United States District Court, Sixth Circuit

November 8, 2013

LADONNA THOMPSON et al., Defendants.


JOHN G. HEYBURN, District Judge.

Plaintiff Joseph P. Fantuzzo, a released prisoner, filed the instant pro se 42 U.S.C. § 1983 action proceeding in forma pauperis. This matter is before the Court on initial review of the action pursuant to 28 U.S.C. § 1915(e).[1] For the reasons stated below, the Court will allow Plaintiff's failure-to-protect claims to proceed and dismiss the remaining claims.

At the outset, the Court notes that the docket sheet list two complaints (DNs 1 and 7). Plaintiff apparently sent in a second copy of his complaint, and the Clerk of Court opened a separate civil action, No. 3:13CV-P419-R. Upon review of both complaints, the Honorable Senior Judge Thomas B. Russell entered an Order dismissing the second-filed action as duplicative of this action. For the purposes of initial review, the Court considers DN 7 to be a duplicate copy of DN 1.


Plaintiff's allegations concern his previous incarceration as a convicted inmate at the Kentucky State Reformatory (KSR). He sues the following Defendants: LaDonna Thompson, Kentucky Department of Corrections (KDOC) Commissioner; Cookie Crews, whom he identifies as the KSR Warden; Daniel Grubb, a prisoner at KSR; Stephanie Roby and Tanya Young, psychologists at KSR; William Palmer and Travis St. Clair, Unit Administrators at KSR; Mary Durrett, a case worker at KSR; and John Doe, an officer at KSR. Plaintiff sues each Defendant in both his or her individual and official capacities.[2]

Plaintiff states that in December 2011 non-Defendant Aarron Perkinson asked him to be his "Clerk for the dorm." Plaintiff performed a number of tasks as Clerk, including sanitation duties, unit requisition, filling out work assignments, keeping up with inmate job changes, and payroll sign in and out sheets. Plaintiff avers that he "was taking initiative in his rehabilitation" and allowing Perkinson more time to focus on security. Plaintiff contends that this "is when immediate heat' was placed" on him "for even working for the officers." Plaintiff reports that other inmates told him that "there were hits' out on him." He states that he became so stressed and worried about these threats that he lost 55 pounds over a five-month period.
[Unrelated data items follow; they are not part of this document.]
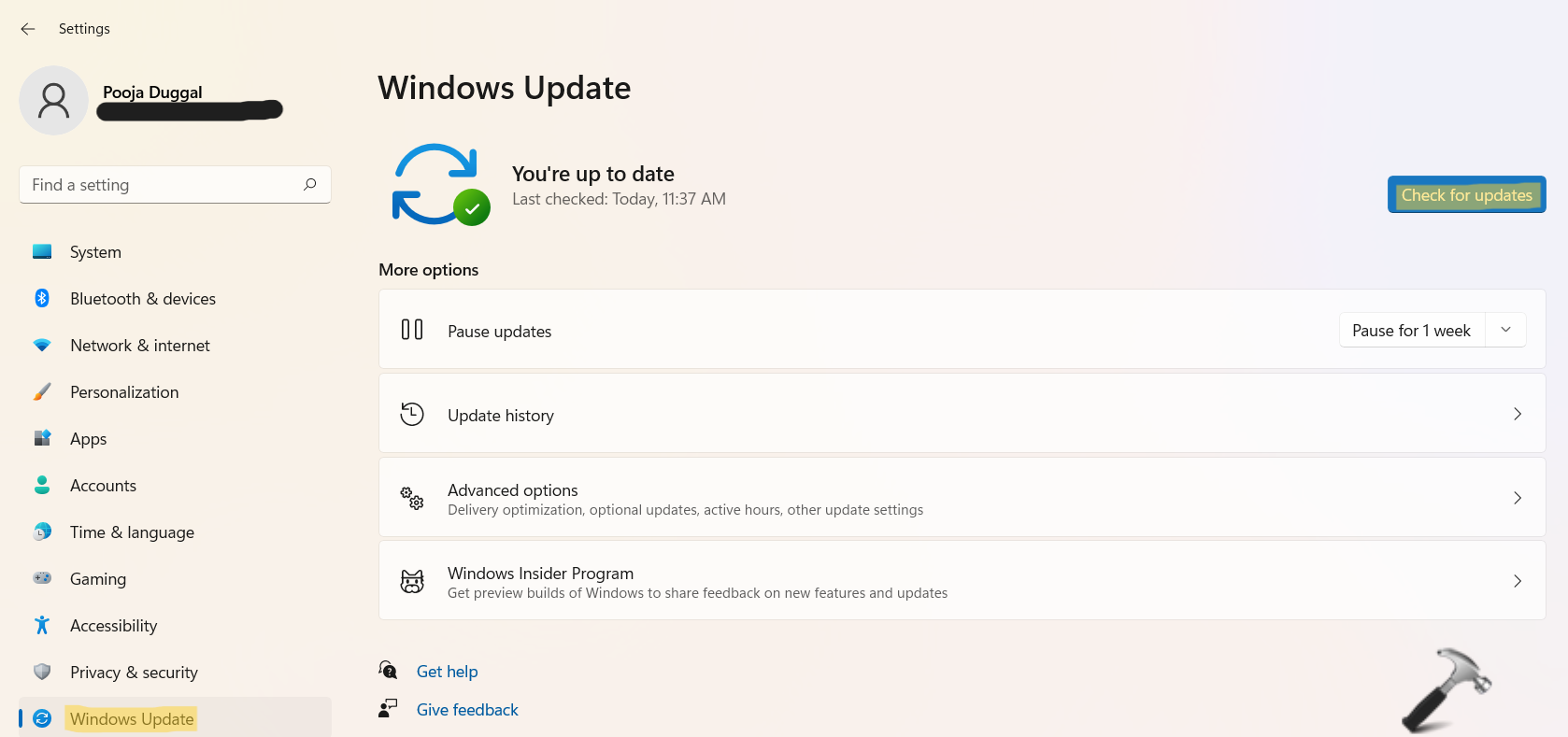 1.En primer lugar, abreAjustespresionando elventanas + yoclaves juntas en su sistema. Después de eso, haga clic en elActualización de Windowspestaña y seleccioneBuscar actualizaciones.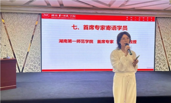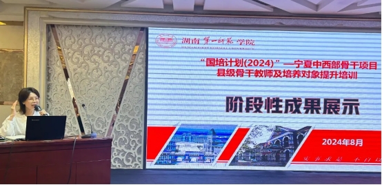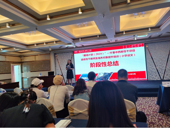 集中培训阶段的总结仪式,同样让人心潮澎湃。总结仪式由副班长马悦主持。仪式伊始,宣传委员播放了回顾培训历程的小视频,那些充满激情的学习场景、热烈的讨论画面、专家的精彩讲授,一一呈现在眼前,让人感慨万千。接着,班长张俊贤作为学员代表深情发言,她回顾了培训的收获与成长,表达了对未来教学的信心与决心。接着班主任袁利芬老师、首席专家黄朝霞教授先后寄语学员,她们对学员们的努力和进步给予高度肯定,并对后续培训工作提出了新的要求。最后,吴忠市师资培训中心的马冬琴老师发言,马老师赞扬了培训团队的专业性,并对学员们寄予了厚望。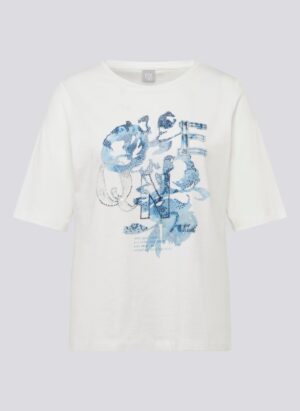 Dieses Shirt in klassischem Weiß überzeugt mit einem modernen Denim-Print und funkelnden Strassakzenten. Ein bequemes und stilvolles Oberteil, das jedes Outfit aufwertet. Trendiger Denim-Print, moderner Look mit floralem Motiv, Strassdetails für einen Hauch von Glamour, hochwertiger Baumwollmix, vielfältig kombinierbar zu Jeans, Röcken oder unter Blazern.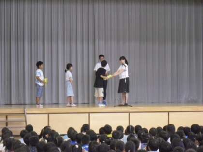 夏休み中、地域のイベントで活躍したチームに記録証を渡しました。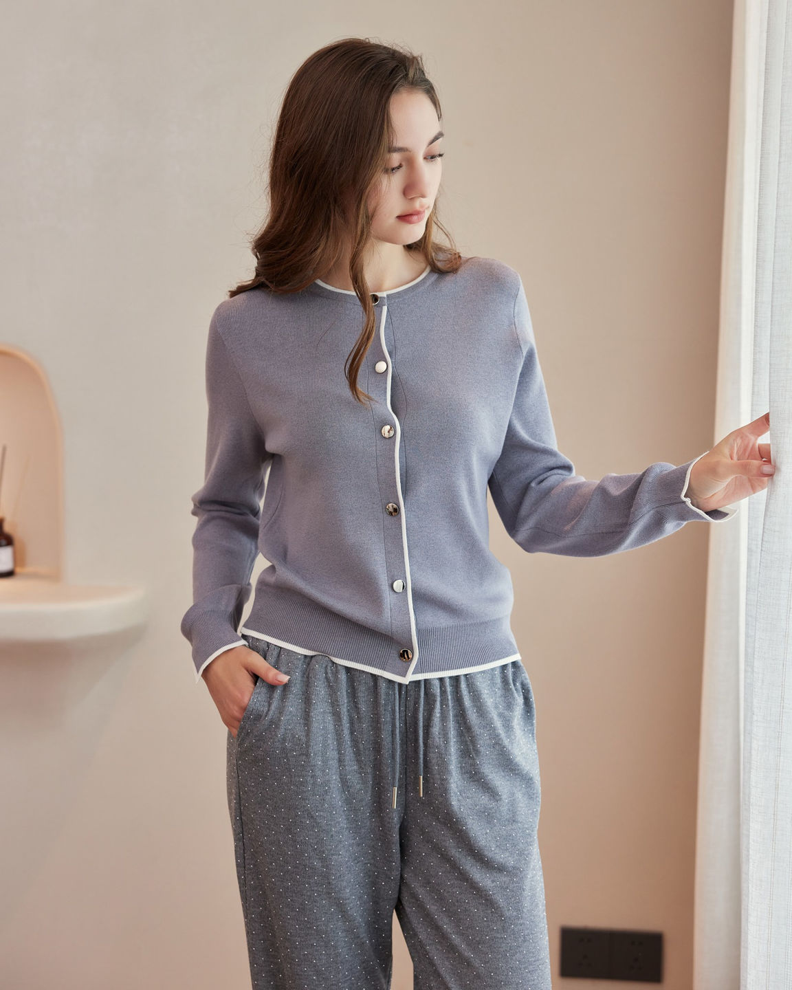 BACHATA - Cardigan manica lunga grigio e bianco con bottoni da donna

On February 24, 2012, he addressed his concerns with a non-Defendant nurse, who referred him to "Psych.'"

On February 29, 2012, Plaintiff reports that he took part in a conference call with his appointed post-conviction counsel in the office of Defendant Durrett. Plaintiff made his counsel "aware of the threats' he was under and the institutions inability to care or do anything about it." He states that Defendant Durrett sat in during the call. Plaintiff avers that after ten to fifteen minutes of advising his counsel of the threats against him, Defendant Durrett signaled to Plaintiff to end the phone call and that his time was up and that she eventually "talked Plaintiff into terminating the call."

Plaintiff further reports that on March 2, 2012, he met with Defendant psychologist Roby. He states, "On this date the pressure was building and nobody was listening." He informed Defendant Roby of the issues of the death threats and that he was concerned he was being ignored. He avers that Defendant Roby told him "that he was a very interesting person' and referred him to another doctor. No protective custody was offered or signed by Plaintiff at that time or prior."

Plaintiff states that on April 23, 2012, he had been put in segregation because of a fight on April 19, 2012. He sent a letter to Defendant Palmer advising him that "the threats' were coming to fruition and that the guys' in seg were really giving the plaintiff heat' and calling him a rat' and "Perkinson's boy.'" Plaintiff also avers that on April 30, 2012, he sent correspondence to Defendants Palmer and St. Clair stating that he "felt the threats' becoming real and pointed out particular individuals" but he received no response to either letter. He also states that on May 1, 2012, he sent correspondence to Defendant Roby, "trying to enlist someone's' help" and that he received no response.

Plaintiff states that on May 4, 2012, he came out of his cell for recreation. He avers that the segregation walk has two sides and the walk is very narrow. He contends that "[f]or security purposes it is policy and normal practice for the officer on duty to only open up one side of the seg walk at a time per hour for recreation." He states, "However, this day both sides were conveniently left opened and Plaintiff was assaulted from behind and beaten on the ground from behind by an inmate who gave him the most trouble, Daniel Grubb. Grubb additionally attempted to choke Plaintiff out after he had suffered serious laceration and blood loss."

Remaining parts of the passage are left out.